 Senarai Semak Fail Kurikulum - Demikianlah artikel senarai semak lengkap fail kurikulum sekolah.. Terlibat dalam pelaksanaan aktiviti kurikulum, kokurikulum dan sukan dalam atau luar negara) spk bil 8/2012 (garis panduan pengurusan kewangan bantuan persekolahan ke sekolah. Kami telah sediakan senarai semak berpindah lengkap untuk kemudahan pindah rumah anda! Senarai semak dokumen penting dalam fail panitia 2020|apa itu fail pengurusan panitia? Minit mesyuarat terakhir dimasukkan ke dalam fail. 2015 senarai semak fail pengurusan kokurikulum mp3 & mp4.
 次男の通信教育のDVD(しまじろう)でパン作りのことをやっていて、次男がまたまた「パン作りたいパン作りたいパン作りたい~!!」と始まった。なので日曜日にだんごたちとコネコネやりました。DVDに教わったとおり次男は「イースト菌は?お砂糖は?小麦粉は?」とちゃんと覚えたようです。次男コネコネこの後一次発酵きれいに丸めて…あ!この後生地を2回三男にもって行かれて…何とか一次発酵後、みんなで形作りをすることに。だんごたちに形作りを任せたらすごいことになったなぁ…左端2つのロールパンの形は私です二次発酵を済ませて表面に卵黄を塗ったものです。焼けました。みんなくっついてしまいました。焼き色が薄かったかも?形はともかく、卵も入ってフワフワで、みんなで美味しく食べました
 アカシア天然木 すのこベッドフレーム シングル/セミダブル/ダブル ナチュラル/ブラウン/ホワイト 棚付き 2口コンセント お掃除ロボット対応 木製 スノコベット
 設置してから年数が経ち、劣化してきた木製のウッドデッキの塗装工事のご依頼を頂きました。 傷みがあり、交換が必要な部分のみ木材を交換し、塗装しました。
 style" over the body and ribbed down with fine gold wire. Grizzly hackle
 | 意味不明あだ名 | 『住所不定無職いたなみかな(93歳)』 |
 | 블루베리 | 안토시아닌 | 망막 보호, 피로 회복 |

========================

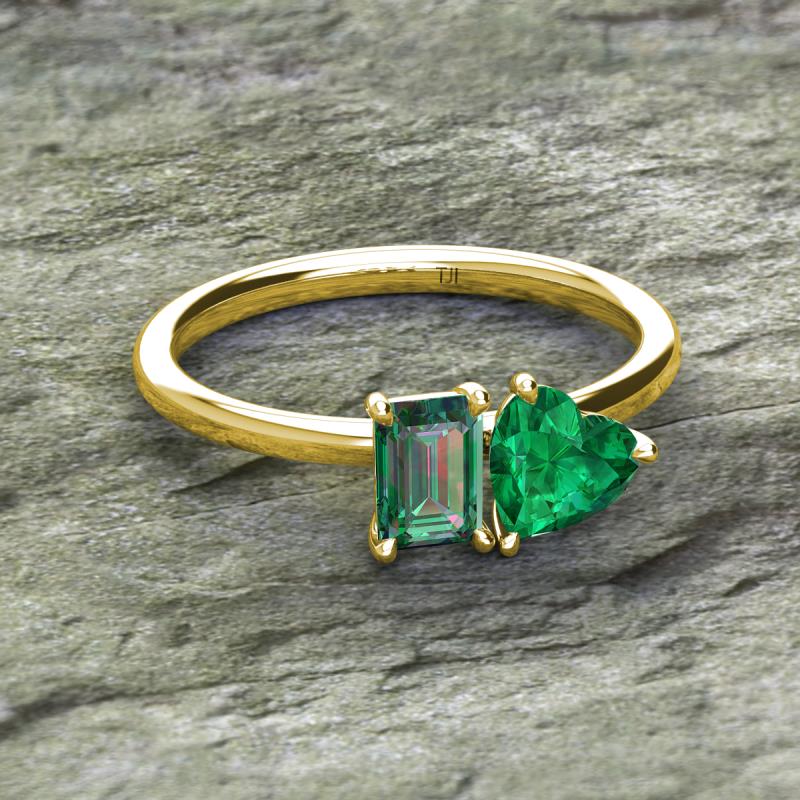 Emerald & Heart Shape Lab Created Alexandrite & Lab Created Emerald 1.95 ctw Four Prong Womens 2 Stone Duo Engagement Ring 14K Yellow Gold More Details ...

========================

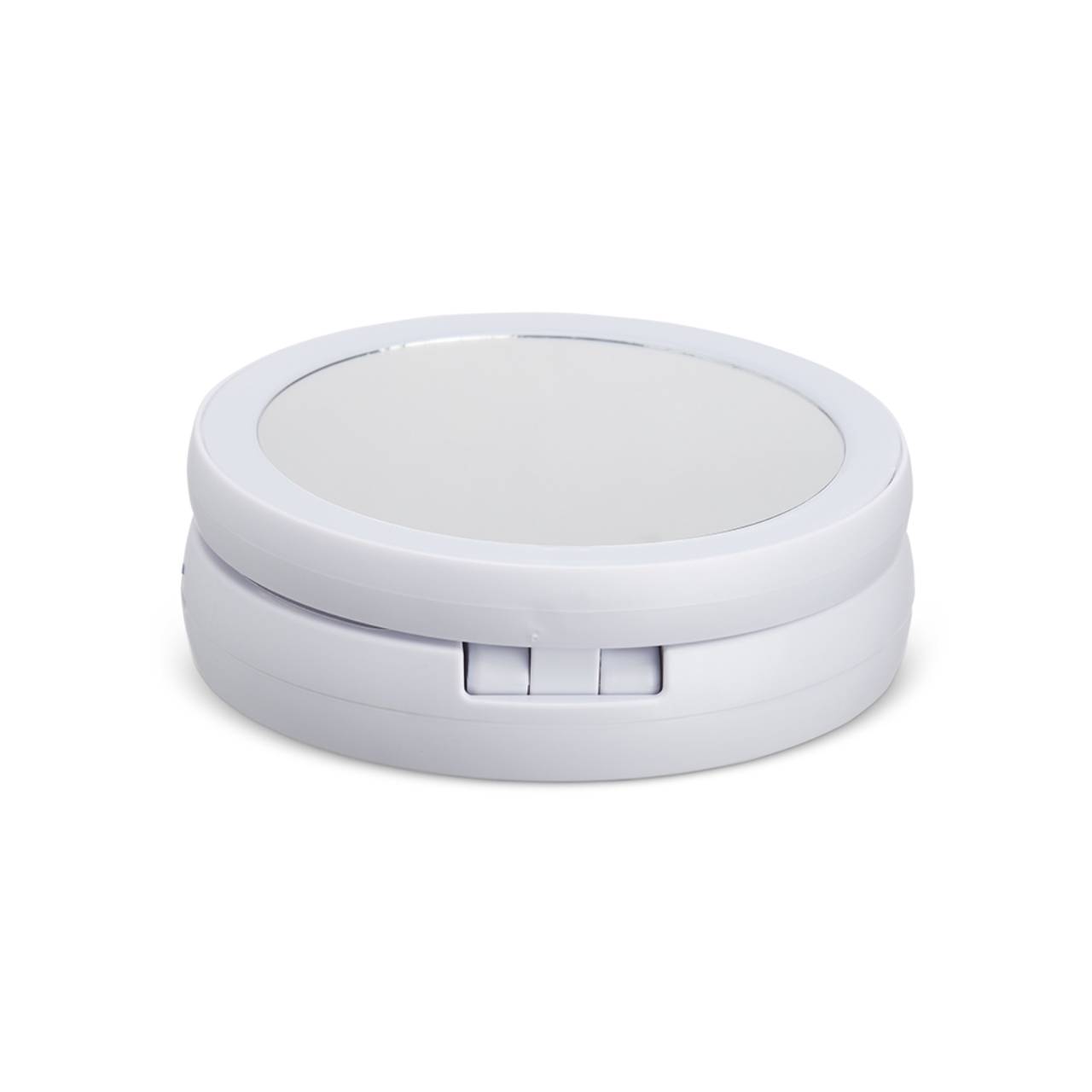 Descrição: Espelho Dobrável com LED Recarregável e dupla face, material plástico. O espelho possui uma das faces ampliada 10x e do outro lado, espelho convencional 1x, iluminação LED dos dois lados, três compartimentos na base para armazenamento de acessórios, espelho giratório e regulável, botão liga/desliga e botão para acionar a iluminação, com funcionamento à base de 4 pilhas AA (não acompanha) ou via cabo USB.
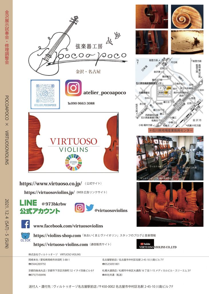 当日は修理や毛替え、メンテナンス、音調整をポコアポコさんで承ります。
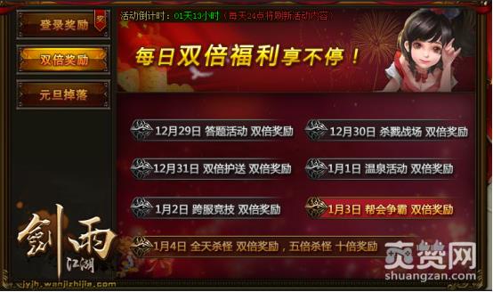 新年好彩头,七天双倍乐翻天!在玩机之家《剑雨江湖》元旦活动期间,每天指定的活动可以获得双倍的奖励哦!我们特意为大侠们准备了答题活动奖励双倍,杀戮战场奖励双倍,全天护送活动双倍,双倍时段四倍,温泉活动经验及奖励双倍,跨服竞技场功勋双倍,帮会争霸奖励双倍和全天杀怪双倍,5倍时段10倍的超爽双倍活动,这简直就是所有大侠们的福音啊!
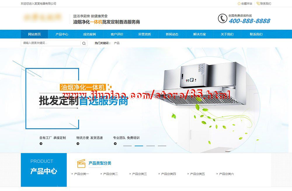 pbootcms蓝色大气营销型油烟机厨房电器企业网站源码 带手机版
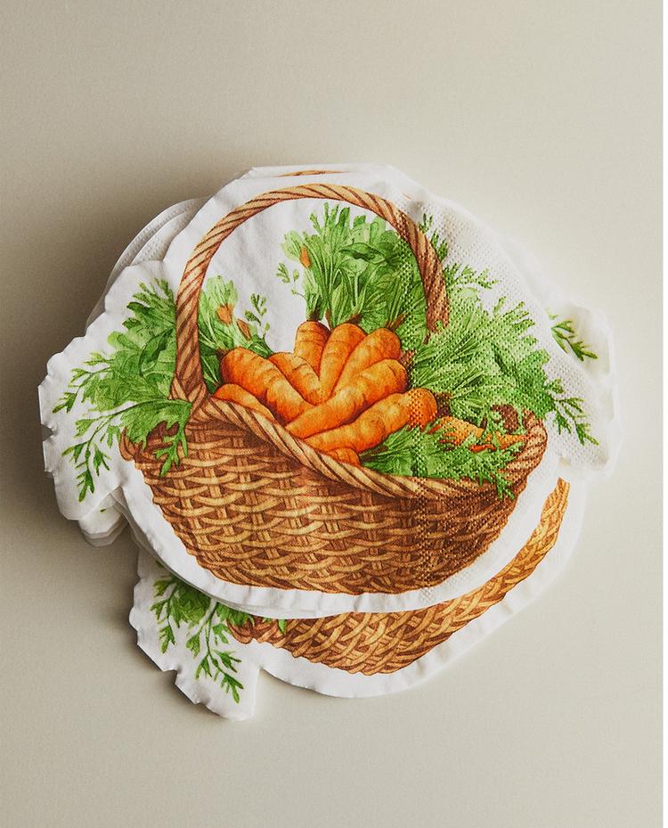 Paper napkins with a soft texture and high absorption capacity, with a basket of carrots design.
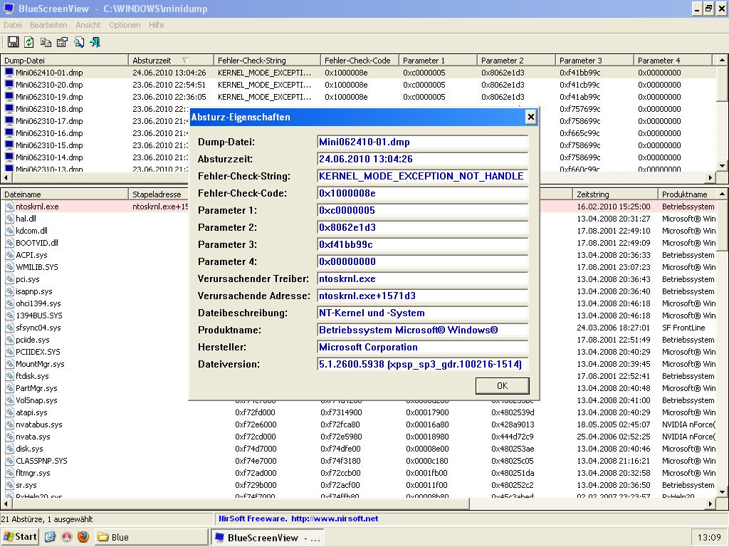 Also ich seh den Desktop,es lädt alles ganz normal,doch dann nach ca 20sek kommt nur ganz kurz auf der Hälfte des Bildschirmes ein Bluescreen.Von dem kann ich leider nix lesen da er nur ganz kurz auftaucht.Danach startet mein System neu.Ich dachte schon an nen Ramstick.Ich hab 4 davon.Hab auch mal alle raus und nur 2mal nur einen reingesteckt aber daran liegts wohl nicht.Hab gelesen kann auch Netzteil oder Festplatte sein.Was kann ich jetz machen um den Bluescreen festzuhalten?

========================

Task requirements: Give back, word for word, only the lines above from the line holding "wire. Grizzly hackle" to the line holding "보호, 피로 회복 |", both included.

Response to the exercise:
 style" over the body and ribbed down with fine gold wire. Grizzly hackle
 | 意味不明あだ名 | 『住所不定無職いたなみかな(93歳)』 |
 | 블루베리 | 안토시아닌 | 망막 보호, 피로 회복 |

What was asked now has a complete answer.